Yes, this is part of my homework. I've never been good at it, but I am trying. This question really floors me. When I think of all possible shapes, I can't imagine this being even remotely possible at all. However, I don't want to overlook anything.
Please provide your input. I don't believe it is possible, not without the shapes being identical. If you have a different perspective, please do share.
2007-10-28 11:54:22 · 7 answers · asked by Mike's Girl 3 in Science & Mathematics ➔ Mathematics
Consider an equilateral triangle with side 1, and a parallelogram with sides 1 and 1/2 with angle 60 degrees in between them.
The triangle has base 1 and height sqrt(3) / 2.
The parallelogram has base 1 and height sqrt(3) / 4.
Each has perimeter 3 and area sqrt(3) / 4.

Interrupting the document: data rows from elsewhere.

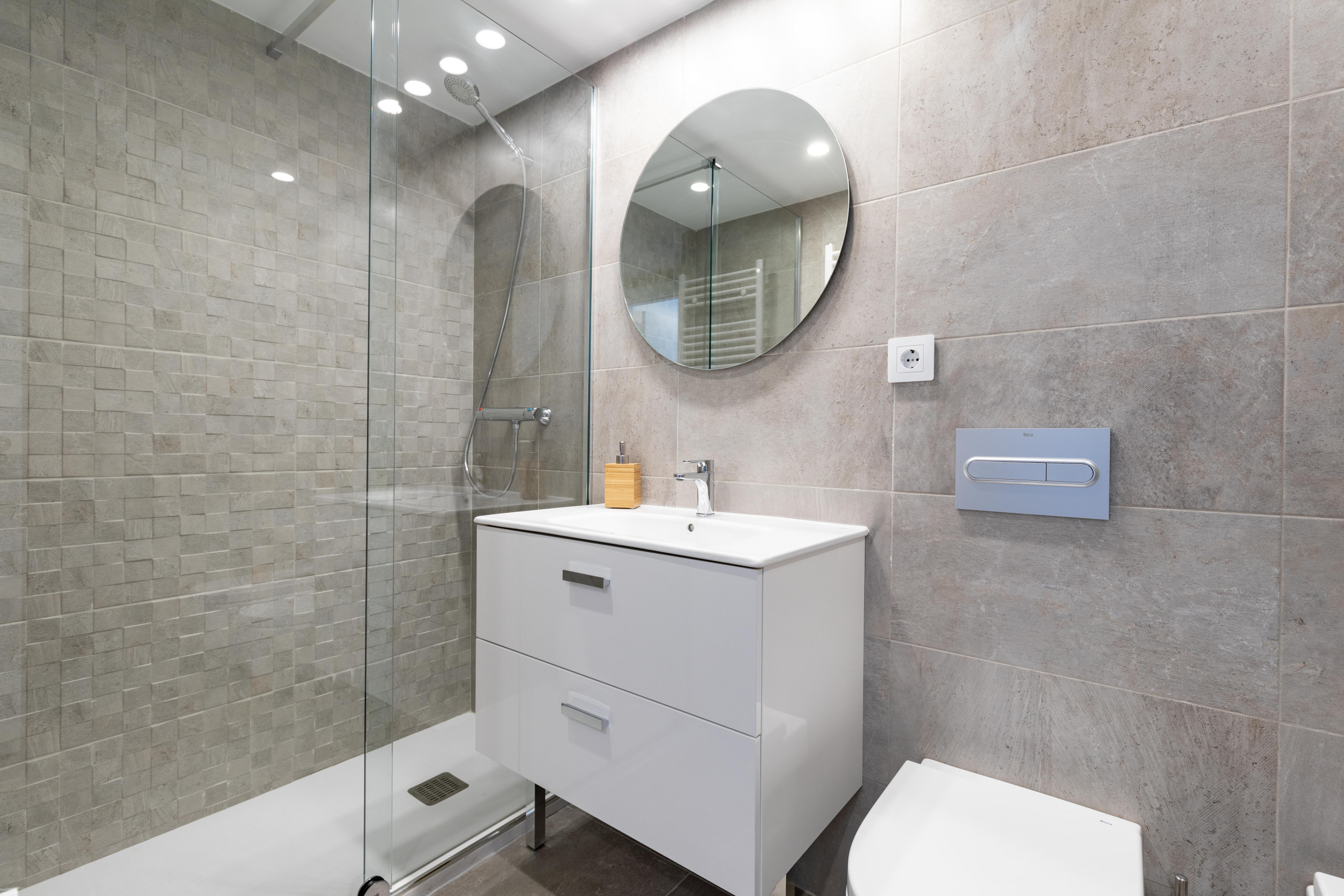 - Deuxième salle de bain équipée d'une douche à l'italienne, d'un grand lavabo, d'un miroir et de toilettes.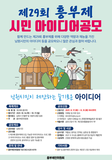 선정된 아이디어는 제29회 흥부제에 반영하여 프로그램이나 운영방안 등에 활용할 계획이며, 선정된 시민들에게는 남원사랑상품권을 지급할 예정이다.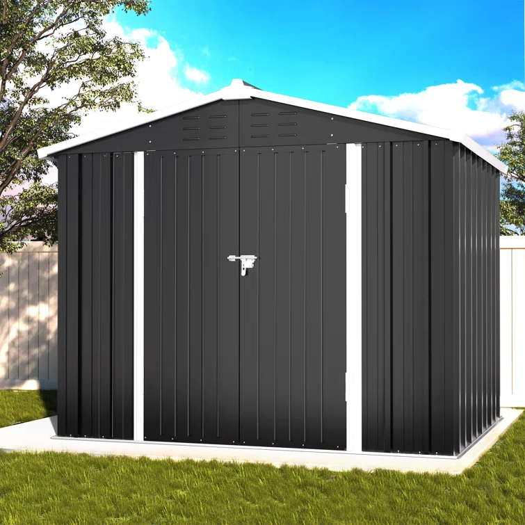8 ft. W x 6 ft. D Plastic Storage Shed with Floor, Resin Shed with Reinforced Steel Structure, Beige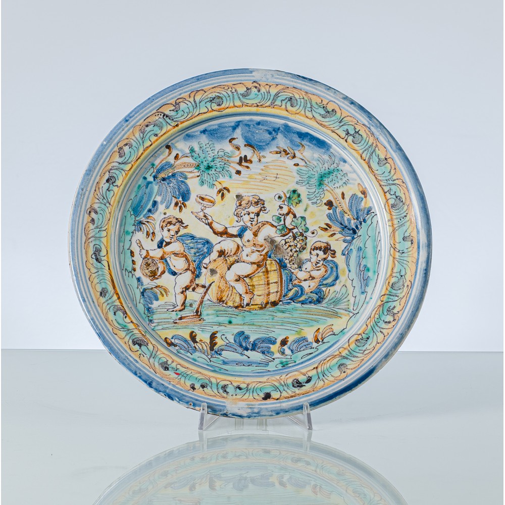 Piatto in maiolica policroma raffigurante "Scena di baccanale"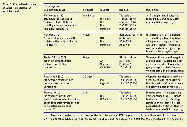 Den bedste måde at undersøge forholdet mellem spontan bedring og egentlig placebovirkning på er naturligvis kontrollerede studier med såvel placebo- som kontrolgrupper uden behandling. Hrobjartsson & Gøtzsche [1] fandt fem undersøgelser af depression med såvel placebokontrol som ingen behandling [8-12] i deres litteratursøgning indtil 1998. I en opdateret søgning (11. juli 2004) med de samme søgeord kombineret med depression i PubMed og PsycINFO blev der ikke fundet nyere undersøgelser (Tabel 1 ).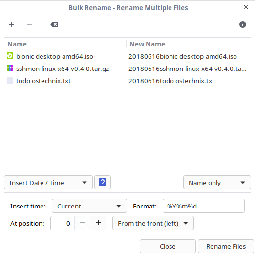Thunar 文件管理器默认具有内置批量重命名选项。 如果你正在使用 Thunar,那么重命名文件要比使用 mmv 命令容易得多。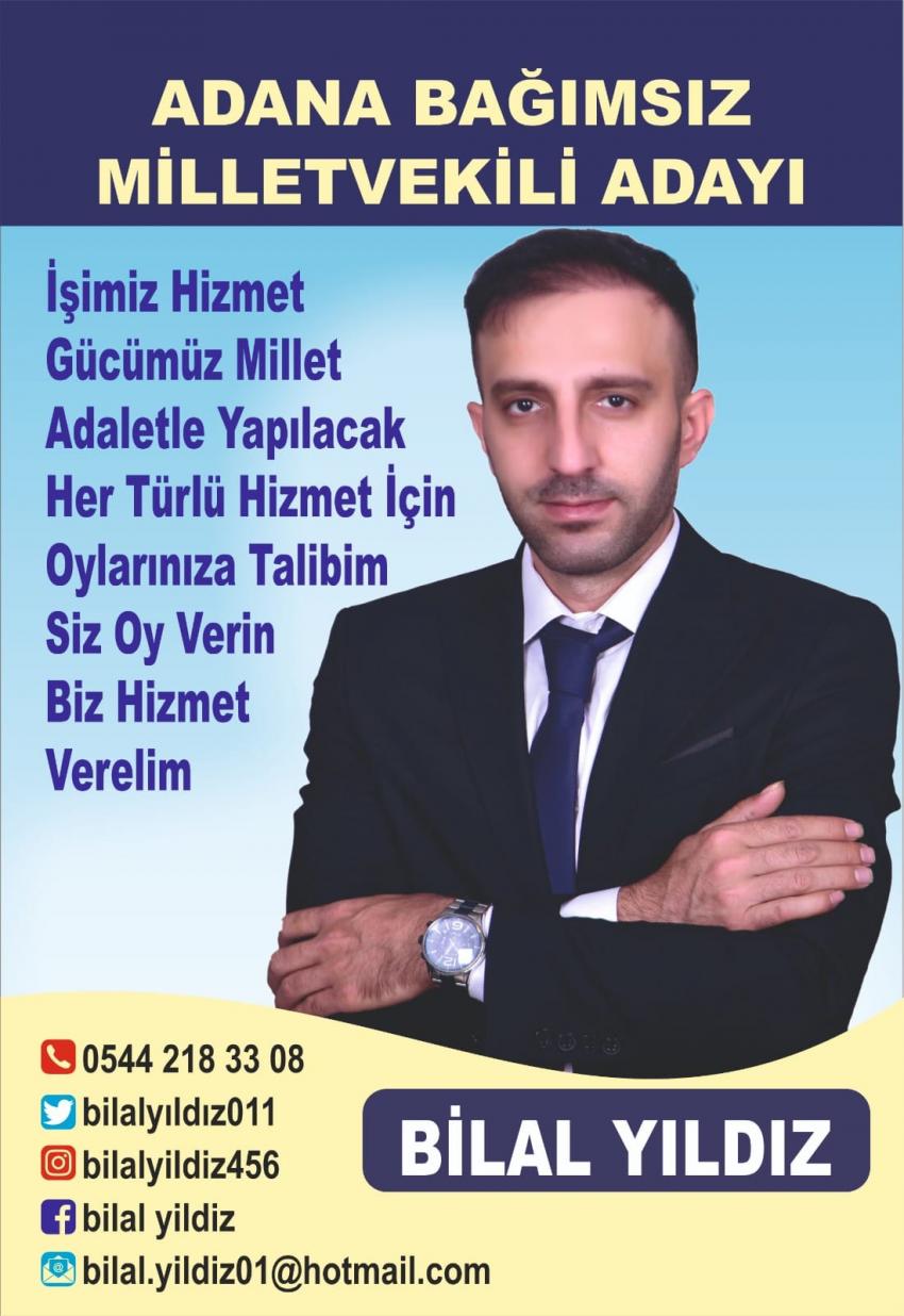 Adana’da turizm ve nakliye işinin yanı sıra otel işletmeciliği yapan Bağımsız Adana Milletvekili Adayı Bilal Yıldız, aslen Batmanlı olduğunu ancak uzun yıllardır Adana’da yaşadığını söyledi. “Yıllarca Adana’nın ekmeğini yedim. Genç yaşta bir çok tecrübe kazandım. Şimdi sıra Adanama hizmet etmek gibi bir misyonum var” diyen Milletvekili adayı Yıldız, neden milletvekili olmak istediğini şöyle anlattı:

The good thing about parallelograms is that you can maintain a given perimeter and just tweak the angle until you get the area you desire (with an upper limit of course).
2007-10-28 12:10:04 · answer #1 · answered by Dr D 7 · 8⤊ 1⤋
Dr D has the right idea. Imagine that you have a partially filled soft plastic bottle with no air gap, so that it's somewhat crumpled. You will find that it's not hard to deform that plastic bottle into other shapes, even though it contains the same amount of liquid and has the same surface area. Only when the bottle is filled to maximum capacity that it becomes hard to deform. A circle, for example, as a shape of fixed perimeter and area, cannot be deformed (because the circle has the maximum possible area for a given perimeter), but an oval of fixed perimeter and area can be (because an oval does NOT have the maximum possible area for a given perimeter--i.e., other oval-like shapes have same perimeter and area). I've given this question a star because as simple as this question is, it does have significance in structural mechanics, such as in design of spacecraft.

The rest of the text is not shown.